Why is rent so high even when rent growth slows?

At first glance, it looks contradictory. Rent growth slows, but rent still feels unaffordable.

The reason is simple. Growth and level are not the same thing.

Recent data shows that rents have softened in many markets. In 2025, asking rents declined year over year in 74 out of 150 крупных metro areas tracked by RealPage. Vacancy rates also rose to around 5.2%, above pre-pandemic levels, as new supply started to outpace demand.

On paper, this looks like relief.

But it does not change the level people are already paying.

The core issue is cumulative. Over the past years, rents reset to a much higher baseline. Once that happens, “flat” no longer means affordable. It just means prices are no longer rising as fast.

At the same time, affordability has been deteriorating structurally. In 2024, about 22.7 million renter households were cost-burdened, meaning they spent more than 30% of income on housing. That is roughly 49% of all renters, and about 2.3 million more than in 2019.

This is not just about recent rent increases. It reflects a longer shift in the market.

One of the key changes is at the low end. The supply of lower-cost units has been shrinking relative to demand. Even if rent growth slows, households are competing in a market where affordable options are harder to find.

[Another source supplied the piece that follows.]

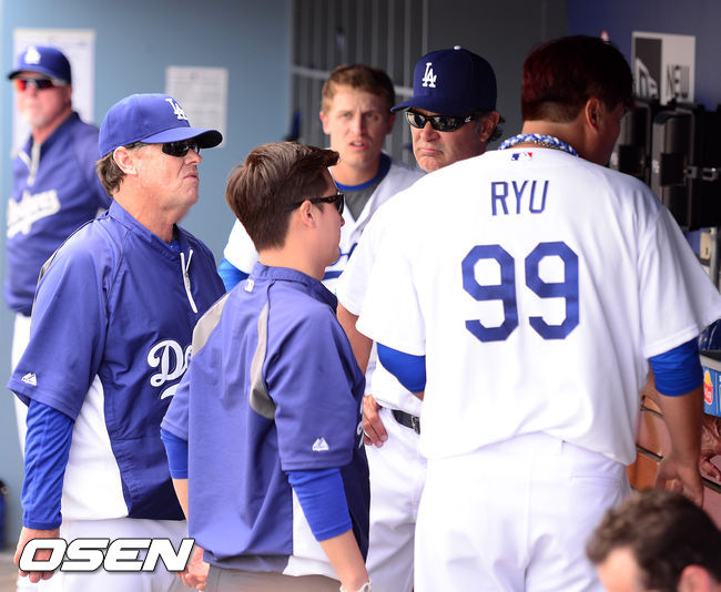 2회를 마친 다저스 선발 류현진이 돈 매팅리 감독과 릭 허니컷 투수 코치와 얘기를 나누고 있다. /jpnews@osen.co.kr

There is also pressure from the ownership side.

Since 2022, higher home prices and mortgage rates have pushed ownership further out of reach. By late 2025, affording a median-priced home required over $120,000 in income. That keeps more households in the rental market, extending demand even when new supply is coming online.

This effect is broad. Affordability pressure is no longer limited to low-income renters. Among households earning $75,000 or more, about 14% were still cost-burdened in 2024, a noticeable increase compared to 2019.

So the situation is not driven by a single factor.

It is the result of three things interacting:

  • a higher rent baseline built over time
  • reduced availability of lower-cost housing
  • and a tighter path into homeownership

Slower rent growth does not resolve affordability when the level is already high and demand remains elevated. The next phase depends on what changes first: overall supply, low-cost supply, or access to ownership.